Top officers have met repeatedly to consider deploying 15,000 troops to join the 30,000 already there to fight the Taliban and other insurgents.

Reporting from Marine Headquarters At Al Asad, Iraq -- Marine Corps leaders are devising a plan to send thousands of additional combat troops to Afghanistan to wage aggressive warfare against the Taliban that they expect could take years.

The Marines would like to deploy more than 15,000 troops if Defense Secretary Robert M. Gates and Army Gen. David H. Petraeus, newly named head of the U.S. Central Command, approve. About 2,300 Marines have already been sent to Afghanistan to replace units from Twentynine Palms, Calif., and Camp Lejeune, N.C., that are returning home after eight months.

Gates said Friday that he wanted to supplement the more than 30,000 American troops, mostly from the Army, already in Afghanistan. An additional 30,000 troops from other North Atlantic Treaty Organization countries and allies are also stationed in Afghanistan to combat the Taliban and other Islamist insurgent forces.

The office of Afghan President Hamid Karzai said Sunday that President-elect Barack Obama called Karzai during the weekend to say his administration would dedicate additional aid to fight militant groups in Afghanistan, the Associated Press reported.

The Marine proposal was shaped during a series of meetings in Afghanistan, Iraq and Bahrain in the last week involving generals and other top officers. Marine Commandant Gen. James T. Conway was in contact with a group headed by Lt. Gen. Samuel Helland, commanding general of the Marine Force Central Command, traveling from base to base.
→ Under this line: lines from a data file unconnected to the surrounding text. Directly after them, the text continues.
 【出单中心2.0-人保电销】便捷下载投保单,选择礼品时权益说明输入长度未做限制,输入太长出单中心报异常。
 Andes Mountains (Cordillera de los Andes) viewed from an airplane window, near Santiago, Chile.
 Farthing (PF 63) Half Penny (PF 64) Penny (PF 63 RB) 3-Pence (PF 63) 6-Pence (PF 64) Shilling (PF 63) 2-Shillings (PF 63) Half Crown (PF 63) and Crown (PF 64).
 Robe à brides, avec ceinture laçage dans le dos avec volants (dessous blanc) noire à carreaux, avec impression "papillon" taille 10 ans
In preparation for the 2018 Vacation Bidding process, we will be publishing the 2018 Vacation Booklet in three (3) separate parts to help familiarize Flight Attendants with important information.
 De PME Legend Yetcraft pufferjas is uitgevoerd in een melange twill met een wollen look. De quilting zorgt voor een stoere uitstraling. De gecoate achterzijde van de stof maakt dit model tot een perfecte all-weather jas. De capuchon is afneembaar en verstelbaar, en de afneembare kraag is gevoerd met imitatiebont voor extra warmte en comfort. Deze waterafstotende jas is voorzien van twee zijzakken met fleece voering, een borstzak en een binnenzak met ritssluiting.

"Treat every day as a combat mission," Helland wrote in a battle plan for one of his commanders. "Have a plan to kill the enemy hiding among the innocent."
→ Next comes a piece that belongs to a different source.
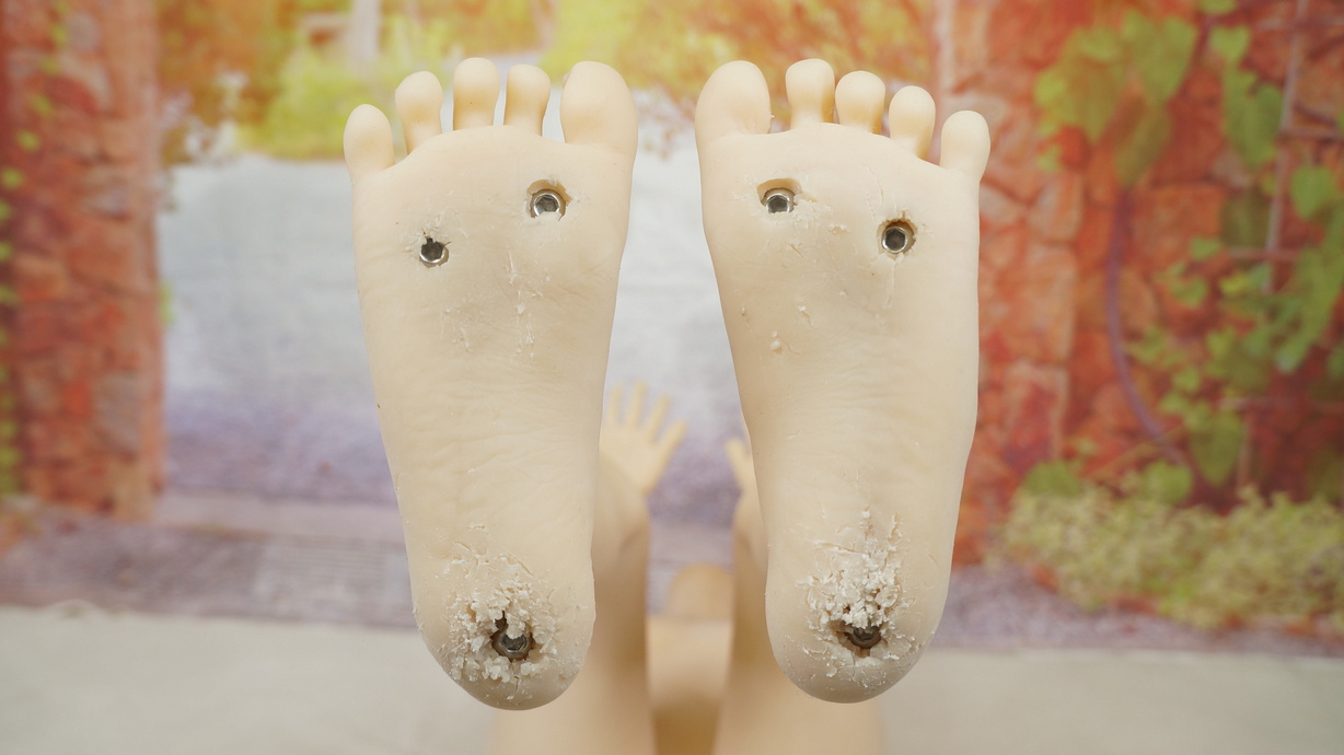 ・両足裏にほつれと亀裂-

The Marines have long made no secret of their desire to depart from Iraq and redeploy to Afghanistan, where they were the first conventional U.S. troops in 2001 to invade the country to assist local forces in toppling the Taliban regime.

Finding troops will not be easy unless there is a significant drawdown in Iraq, where Marines have been deployed to Anbar province, west of Baghdad, since 2004. The Marines have about 22,000 troops in the sprawling province, assigned mostly to back up Iraqi security forces if the Sunni Arab insurgency attempts to rebound.

Maj. Gen. John Kelly, the top Marine in Iraq, who met with Helland last week, said there could be a "significant" reduction in Anbar within months without endangering progress made toward routing the insurgency and strengthening the Iraqi economy, political structure and security forces.